• _DATA PROVIDED_
────────

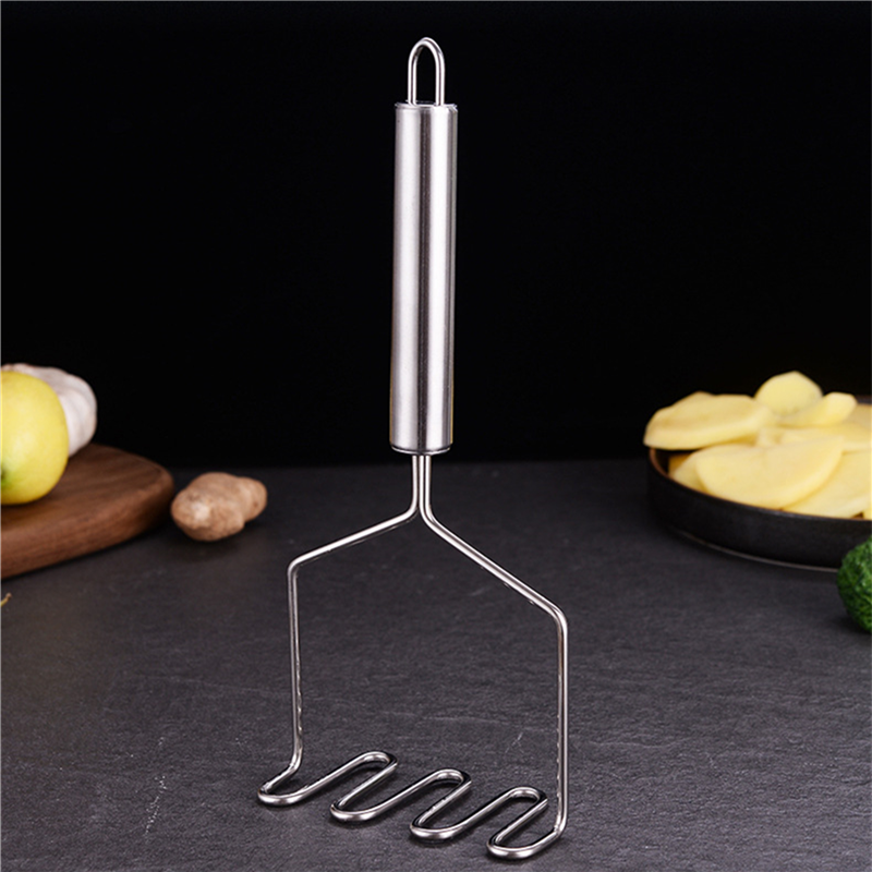 Made of stainless steel. It's highly convenient for use thanks to its broad vertical grip which makes applying pressure absolutely effortless. Perfect for mashing potatoes, squash, sweet potato, yams, pumpkin, parsnips, carrots, kiwifruit & bananas - Mashes food to a fine consistency. Your logo are welcome.
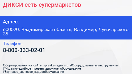 ДИКСИ, сеть супермаркетов по адресу 600020, Владимирская область, Владимир, Луначарского, 35 в дальнейшем Организация, размещена в следующих категориях:
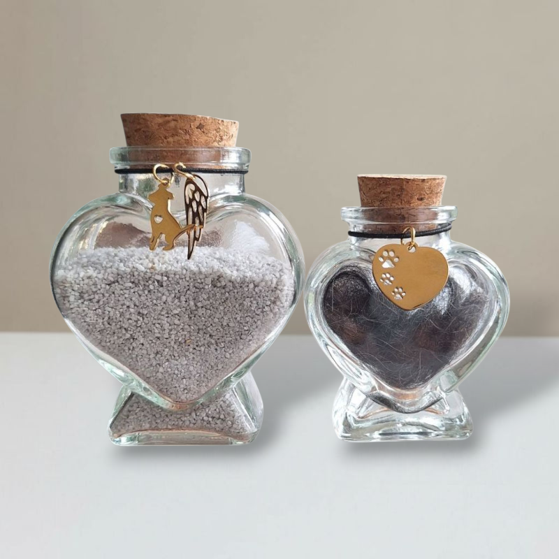 Onze memorial flesjes in hartvorm zijn kleine glazen urntjes waarmee je op een persoonlijke en respectvolle manier de herinnering aan jouw huisdier kunt bewaren. Ze bieden ruimte voor een klein beetje as, een plukje vacht of een ander dierbaar aandenken. Door hun vorm en uitstraling zijn ze een liefdevol symbool van de band die je deelt met je maatje. Een hartvormig flesje wordt ook vaak gekozen als aanvulling op een urn hond of urn kat, wanneer je naast een grotere herinneringsplek ook iets kleins dichtbij wilt houden.
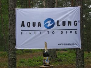 Празднование проходило на озере Берестовом. Участники открыли бутылку юбилейного шампанского, специально изготовленного к годовщине, прочитали, что написано на этикетке, сфотографировались на фоне флага AQUA LUNG, ну и вдоволь поныряли.

────────

• _EXERCISE DESCRIPTION_
Repeat the data word for word. Images are not part of the copy.

• _ANSWER BELOW_
 Made of stainless steel. It's highly convenient for use thanks to its broad vertical grip which makes applying pressure absolutely effortless. Perfect for mashing potatoes, squash, sweet potato, yams, pumpkin, parsnips, carrots, kiwifruit & bananas - Mashes food to a fine consistency. Your logo are welcome.
 ДИКСИ, сеть супермаркетов по адресу 600020, Владимирская область, Владимир, Луначарского, 35 в дальнейшем Организация, размещена в следующих категориях:
 Onze memorial flesjes in hartvorm zijn kleine glazen urntjes waarmee je op een persoonlijke en respectvolle manier de herinnering aan jouw huisdier kunt bewaren. Ze bieden ruimte voor een klein beetje as, een plukje vacht of een ander dierbaar aandenken. Door hun vorm en uitstraling zijn ze een liefdevol symbool van de band die je deelt met je maatje. Een hartvormig flesje wordt ook vaak gekozen als aanvulling op een urn hond of urn kat, wanneer je naast een grotere herinneringsplek ook iets kleins dichtbij wilt houden.
 Празднование проходило на озере Берестовом. Участники открыли бутылку юбилейного шампанского, специально изготовленного к годовщине, прочитали, что написано на этикетке, сфотографировались на фоне флага AQUA LUNG, ну и вдоволь поныряли.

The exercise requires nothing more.